Death in Space RPG (resenha)

“Everything in space will kill you”

– autor desconhecido.

O mundo está diante de uma calamidade sem precedentes, e sua própria existência — e a existência de tudo aquilo que vive e sobrevive em sua superfície — está ameaçada.

Porém, qual a importância de um mísero planeta diante da vastidão sem fim do universo?

A importância é gigantesca para quem observará o completo colapso de seu planeta natal da janela do quarto. Em contrapartida, um mundo nunca fez muita diferença para aqueles que são capazes de singrar pelo mar de estrelas em busca de aventuras e novas oportunidades comerciais.

O problema somente é generalizado quando a estrutura primordial do próprio universo mostra sinais de que o apocalipse está mais próximo do que muitos imaginam.

Isso sim é um problema. Um problemão, na verdade.
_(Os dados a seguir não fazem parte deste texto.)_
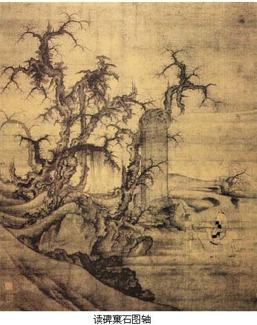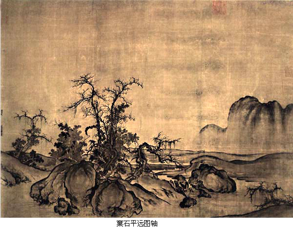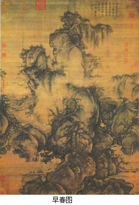 郭熙,生卒年不详,活动时间,约为熙宁、元丰(1068~1085)间。河南温县人。曾为御画院艺学。师学李成并将李成的画石法发展为卷云皴,即把皴法与墨染融为一种笔法,层层复加,造成一种滋润而模糊的艺术效果。 郭熙对北宋山水画发展具有许多独创性贡献,如明确划分出三种布境方法:高远、平远和深远,从而肯定了人们对山水视觉观察和感悟的多样性,丰富了山水画的视觉表现力;开始将山水画的视觉表现从仅仅刻划自然质地推进到表现山水在不同季节、不同时辰的变化。《早春图》这件描绘北方早春清晨山色的全景式作品,完整运用了郭熙的“三远”构图,它最为后世称道处是传达出了早春时节的特殊景致和意象。《窠石平远图轴》,水墨写深秋清旷之景。远峦一抹,轻笼暮蔼,体格近似李成的平远寒林山水,但更突出秋野的清旷和苍茫,笔墨也更简练圆。

O universo de Death in Space, o novo RPG sueco da cena independente mundial — criado por Christian Plogfors e Carl Niblaeus, e prometido para janeiro de 2022 após campanha de sucesso no Kickstarter —, desliza ao eterno vazio no lento e agonizante processo em que todas as galáxias ficarão tão distantes que a luz das estrelas não as alcançará mais.

Os cientistas mais céticos discordam, e refutam tanto do derradeiro destino quanto dos relatos sobre criaturas ciclópicas vagando nos limites do espaço conhecido. Outros, maravilhados diante dos fenômenos que assombram estes tempos estranhos — como a irritante estática que infesta todos os canais de comunicação e aparelhos eletrônicos —, aguardam o momento em que a matéria será esmagada em um único ponto do universo.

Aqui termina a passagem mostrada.